Dominique Maltais

Personal information
- Born: 9 November 1980 (age 45) Petite-Rivière-Saint-François, Quebec
- Height: 1.80 m (5 ft 11 in)
- Website: www.instagram.com/dominiquesbx/

Skiing career
- Sport: Alpine skiing
- Disciplines: Freestyle snowboarding, Snowboard cross

Olympics
- Teams: 3 (2006–2014)
- Medals: 2 (0 gold)

World Championships
- Teams: 5 (2005, 2009–2015)
- Medals: 2 (0 gold)

World Cup
- Seasons: 10 (2004–2006, 2008-2014)
- Wins: 14
- Podiums: 37
- Overall titles: 0
- Discipline titles: 5 - Snowboard Cross (2006, 2011-2014)

Medal record
International snowboard competitions
| Event | 1st | 2nd | 3rd |
| Olympic Games | 0 | 1 | 1 |
| World Championships | 0 | 1 | 1 |
| Winter X Games | 1 | 1 | 0 |
| Total | 1 | 3 | 2 |
Women's Snowboarding
Representing Canada
Olympic Games
| Silver medal – second place | 2014 Sochi | Snowboard cross |
| Bronze medal – third place | 2006 Turin | Snowboard cross |
FIS Snowboarding World Championships
| Silver medal – second place | 2013 Stoneham | Snowboard cross |
| Bronze medal – third place | 2011 La Molina | Snowboard cross |
Winter X Games
| Gold medal – first place | 2012 Aspen | Snowboard X |
| Silver medal – second place | 2015 Aspen | Snowboard X |

= Dominique Maltais =

Canadian snowboarder (born 1980)

Dominique Maltais (born 9 November 1980) is a Canadian snowboarder, specialising in snowboard cross.

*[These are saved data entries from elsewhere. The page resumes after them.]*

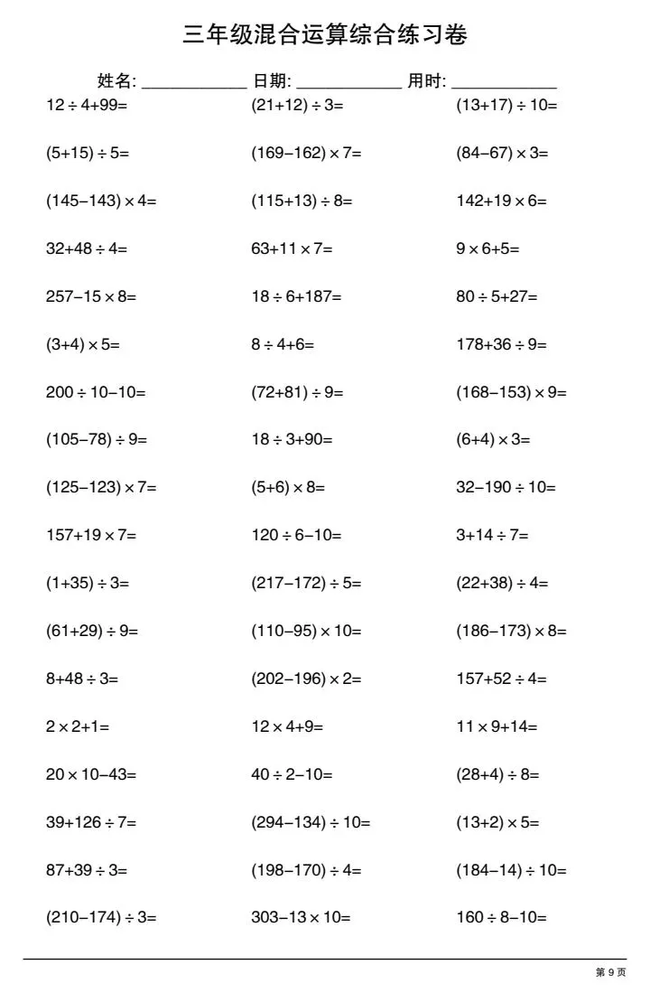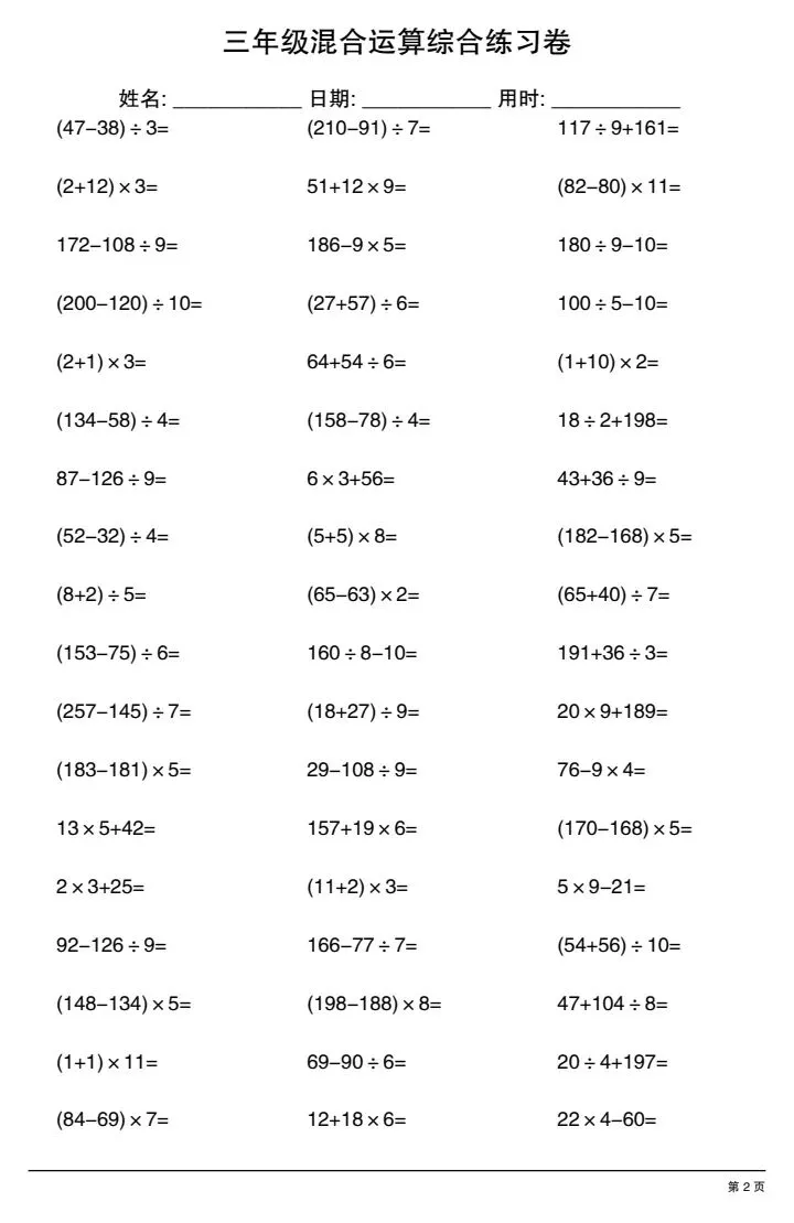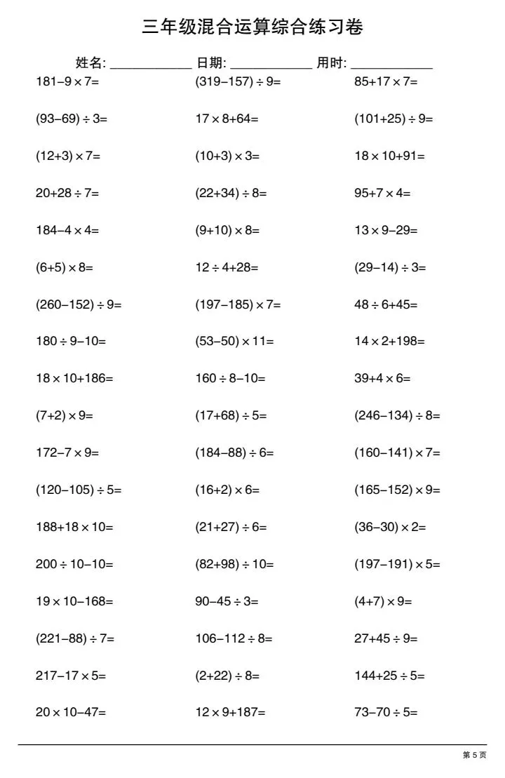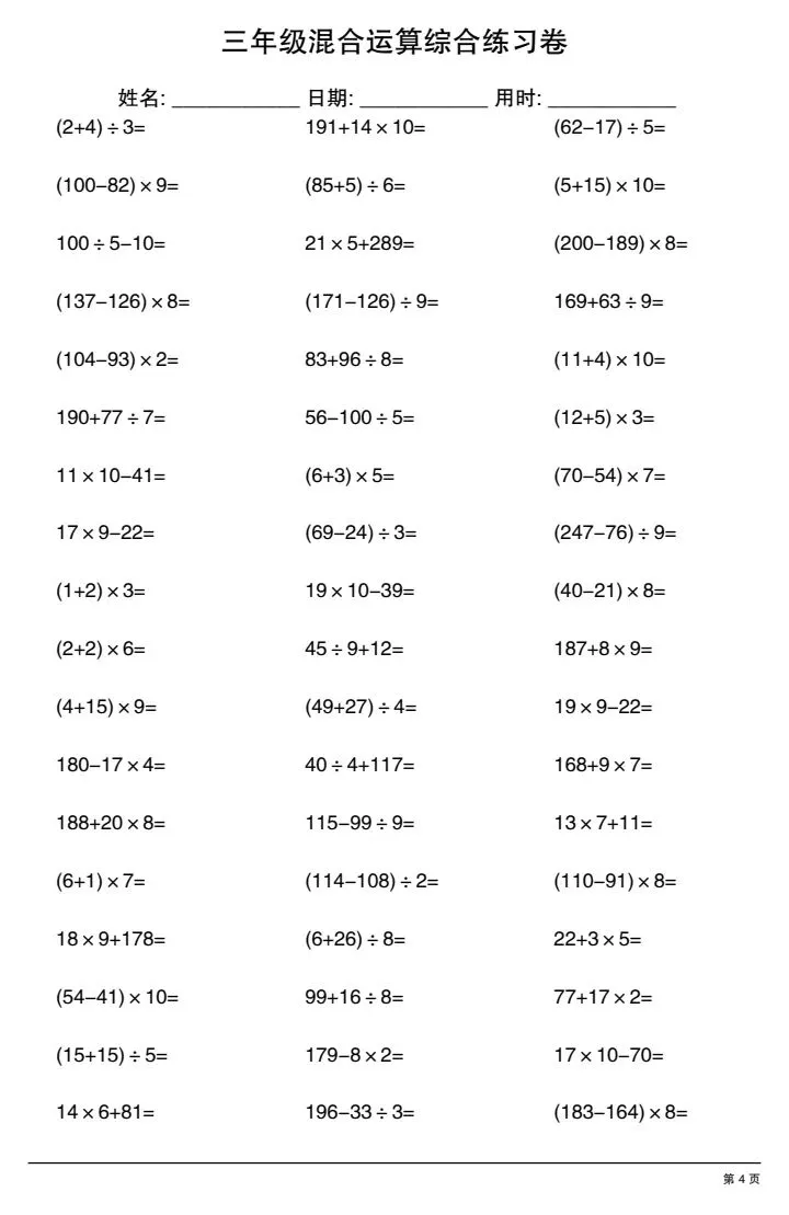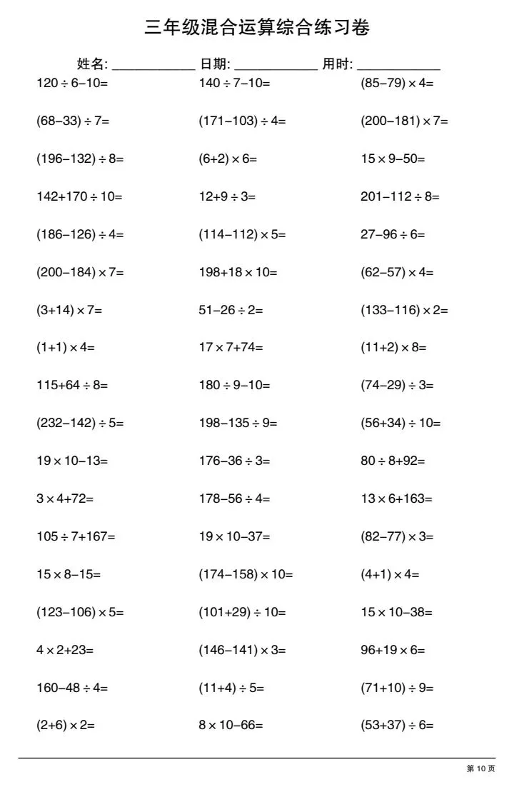 今日份分享三年级下册混合运算综合练习卷(完整电子版可打印)!这份资料已经整理成可打印版本,方便孩子随时翻看学习,建议家长先收藏,再转发给身边有需要的家庭,一起帮助孩子高效学习~
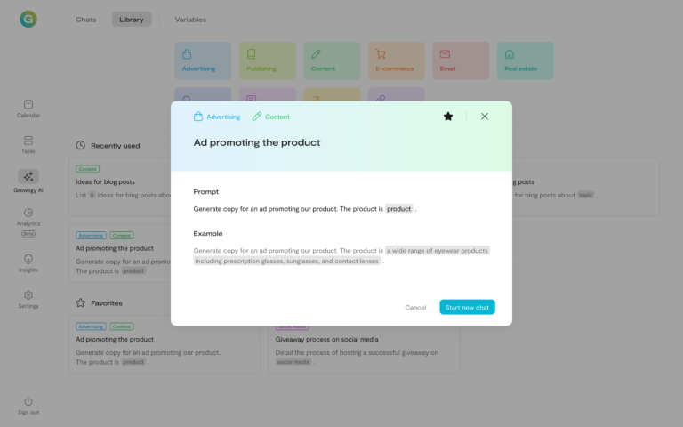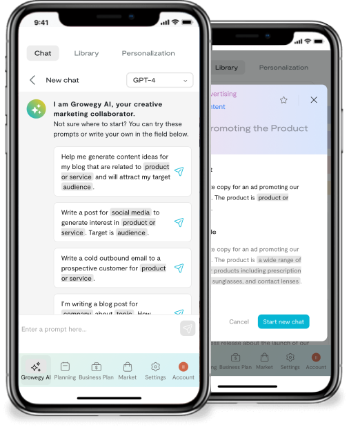 From business plans to research, your first draft to edits, our creative AI is always ready to save your hours of work. Instead of a taking an hour on a first draft of an email, use our prompt-library to instantly create your email, personalized to your business and audience. Now you can spend time on higher-level tasks that AI can’t solve.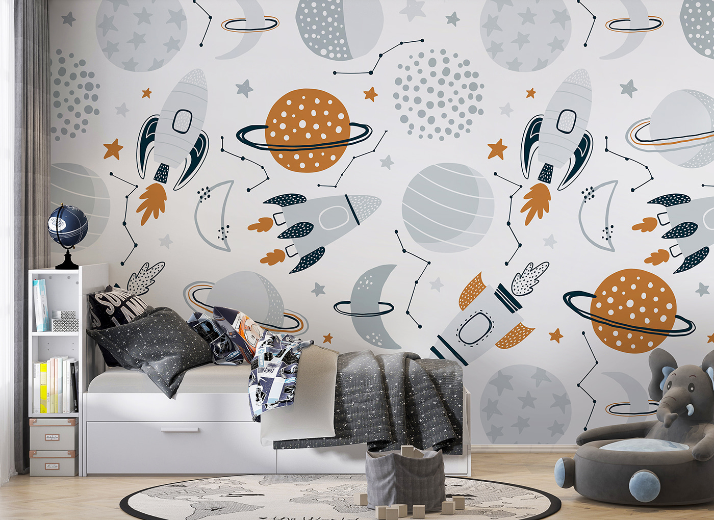 Părinții o iubesc pentru că stârnește curiozitatea față de univers, iar copiii o adoră pentru vibrația sa jucăușă. În plus, este ușor de aplicat, ceea ce o face o alegere excelentă pentru o transformare rapidă a camerei. Cufundă-te în acest decor încântător – este din altă lume!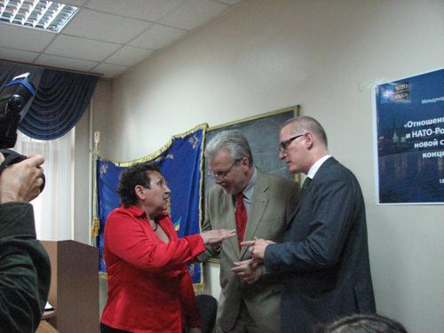 То, что это именно пропаганда НАТО подтверждает литература, предлагаемая участникам конференции – учебные пособия для школьников и студентов. Никаких документов представлено нам не было. Что дало право участников антиНАТОвского выступления не позволить не только провести конференцию, но даже её открыть. С пеной у рта выступали местные и приехавшие с других городов Украины НАТОвские холуи против доводов и аргументов витренковцев. Приехавшие представители стран альянса – Чехии и Германии молча созерцали все происходящее с неприязнью.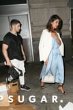 Priyanka Chopra and Nick Jonas seem to be "going steady," as you might call it. The two haven't just been spotted out to dinner but at a wedding in Atlantic City, where Priyanka stunned in a DVF wrap dress. Date night in NYC at Park Avenue Summer called for another fancy going-out look from Priyanka: sky blue silk coordinates topped off with a crisp white blazer, a scalloped Bottega Veneta bag ($5,500), lucite, cat-eye sunglasses, and purple velvet sandals.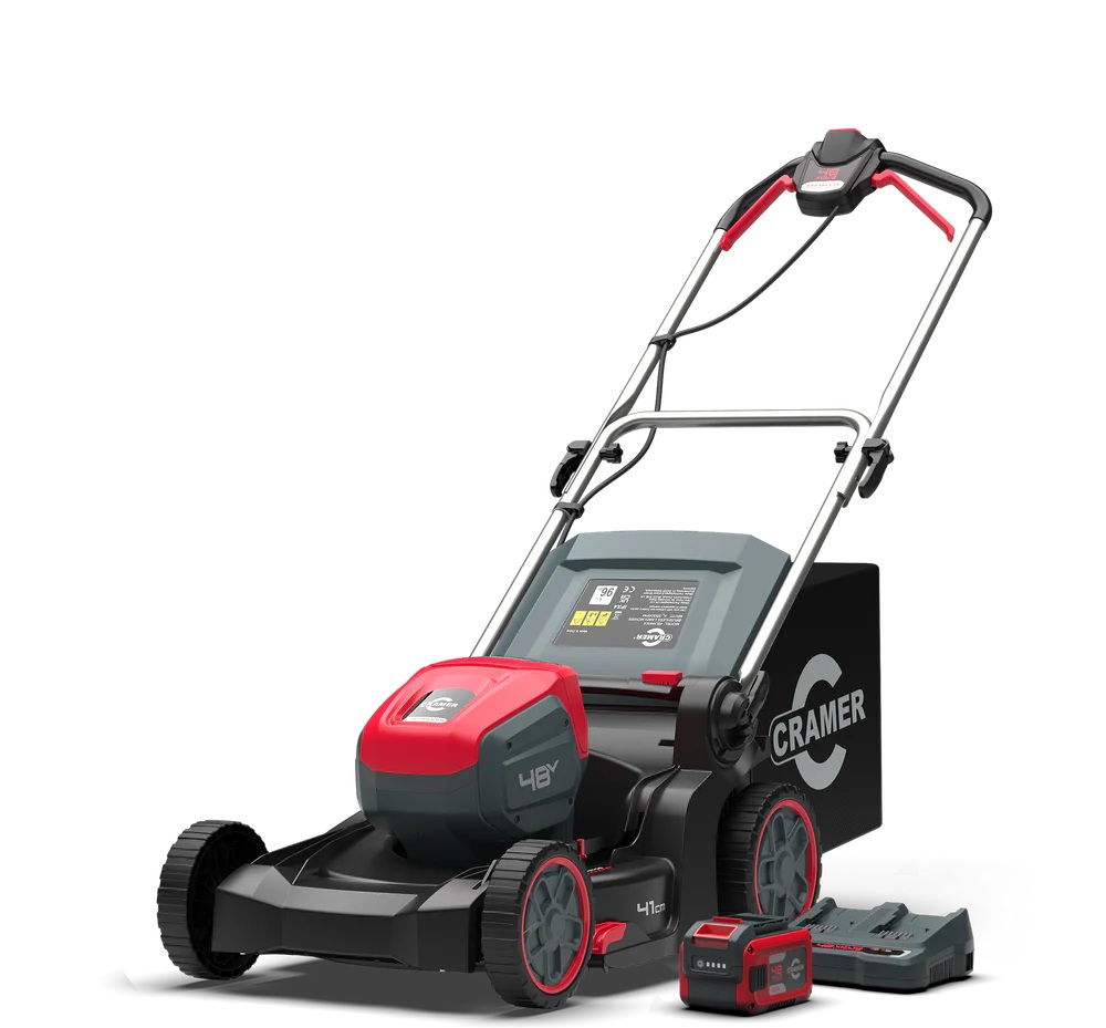 - Fűnyíró fűgyűjtős akkumulátoros készlet Cramer 48LM41K4 akkumulátorral és töltővel 2505686UB-CR

She is a two-time Olympic medallist, winning a bronze medal at the 2006 Torino Games and a silver medal at the 2014 Sochi Games. She also competed at the 2010 Vancouver Olympics, where she failed to reach the final. At the FIS Snowboarding World Championships, she won a bronze medal in 2011 and a silver medal in 2013. She is the 2012 Winter X Games champion, and has won the Crystal Globe as the overall FIS World Cup champion in snowboard cross five times, in 2006, 2011, 2012, 2013 and 2014.

==Snowboarding career==
Born in Petite-Rivière-Saint-François, Maltais started competing in 2002, and won the Canadian Championship in 2003 and again in 2004. Internationally, she came 5th in the World Cup during her rookie year (2003–04) with 2 podium finishes that year. In her second year (2004–05), she won the European Cup and came in 8th in the World Cup. During that World Cup she had two podium finishes, including her first gold. In the 2005 World Championships, Maltais finished 4th, letting her set her sights on an Olympic medal in Turin in 2006, the first time Snowboard Cross would be contested at the Winter Olympics.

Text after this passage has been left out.